Sur les conclusions au titre des articles L. 761-1 du code de justice administrative et 37 de la loi du 10 juillet 1991 :
M. A… a été provisoirement admis au bénéfice de l’aide juridictionnelle. Par suite, son avocate peut se prévaloir des dispositions de l’article 37 de la loi du 10 juillet 1991 et de l’article L. 761-1 du code de justice administrative. Il y a lieu, dans les circonstances de l’espèce, de mettre à la charge de l’Etat une somme de 600 euros, qui sera versée à Me Imbert sous réserve de sa renonciation à percevoir la somme correspondant à la part contributive de l’Etat. Dans le cas où l’aide juridictionnelle ne serait pas accordée par le bureau d’aide juridictionnelle, ladite somme sera versée à M. A….
O R D O N N E :
Article 1er : M. A… est admis au bénéfice de l’aide juridictionnelle provisoire.

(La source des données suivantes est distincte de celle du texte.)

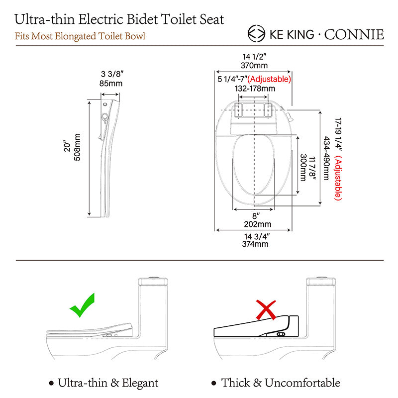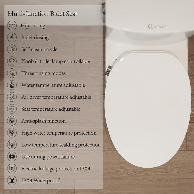 - Multi-function Bidet Toilet Seat: KE KING ultra-thin electric bidet toilet seat features front & rear wash, controllable night light, self-clean nozzle, three rinsing modes, and adjustable heating functions. All functions can be blind operated through buttons and dial on both sides.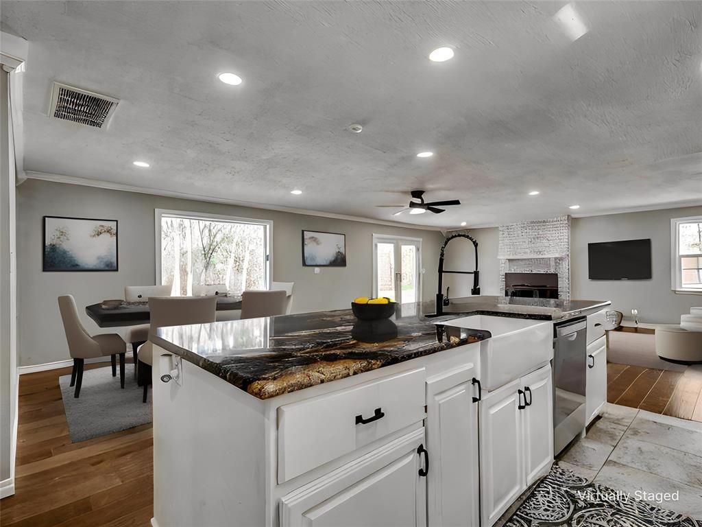 Nestled on 2 peaceful acres, just a short walk to Lake Thunderbird Park, this beautifully updated home offers the perfect balance of comfort, space, and nature. Wildlife lovers will enjoy frequent visits from deer, turkeys, and other native wildlife, creating a quiet retreat that still keeps you close to recreation and outdoor adventure.Inside, the home features wood and tile flooring throughout, fresh paint, crown molding, and upgraded recessed lighting with zoned dimmer switches, allowing you to customize the ambiance in every space. The spacious kitchen is designed for gathering, featuring a stunning 10-foot center island with bar seating, granite countertops, stainless steel appliances-including the refrigerator-and new cabinetry, with additional cabinets to be installed based on the buyer's preference.The living area is warm and inviting with a wood-burning fireplace equipped with a blower, perfect for cozy evenings. Multiple living areas provide flexibility for entertaining, relaxing, or creating the perfect home office or hobby space.Major updates and features include thermal double-pane windows, new electrical, a new driveway, and a high-efficiency SEER 18 HVAC system for comfort and energy efficiency. The roof was replaced in 2020, and tile showers add a clean, modern finish to the bathrooms.Outdoor living is just as impressive, with three separate patios, charming flower paths, and plenty of open space to enjoy. With room to build a shop, park an RV, or expand your outdoor lifestyle, this property offers the freedom to grow and make it your own.If you've been searching for space to breathe, room to grow, and a peaceful setting near the water, this property delivers.

Article 2 : Il n’y a pas lieu de statuer sur les conclusions à fin de suspension d’exécution et d’injonction de la requête de M. A….
Article 3 : L’Etat versera à Me Imbert une somme de 600 euros en application des dispositions du deuxième alinéa de l’article 37 de la loi du 10 juillet 1991, sous réserve que celle-ci renonce à percevoir la somme correspondant à la part contributive de l’Etat. Dans le cas où l’aide juridictionnelle ne serait pas accordée par le bureau d’aide juridictionnelle, ladite somme sera versée à M. A….
Article 4 : La présente ordonnance sera notifiée à M. B… C… A…, à Me Imbert et au ministre de l’intérieur.
Copie en sera adressée au préfet de la Seine-Saint-Denis.
Fait à Montreuil, le 9 juin 2026.
La juge des référés,
M. de Bouttemont
La République mande et ordonne au ministre de l’intérieur en ce qui le concerne ou à tous commissaires de justice à ce requis en ce qui concerne les voies de droit commun contre les parties privées, de pourvoir à l’exécution de la présente décision.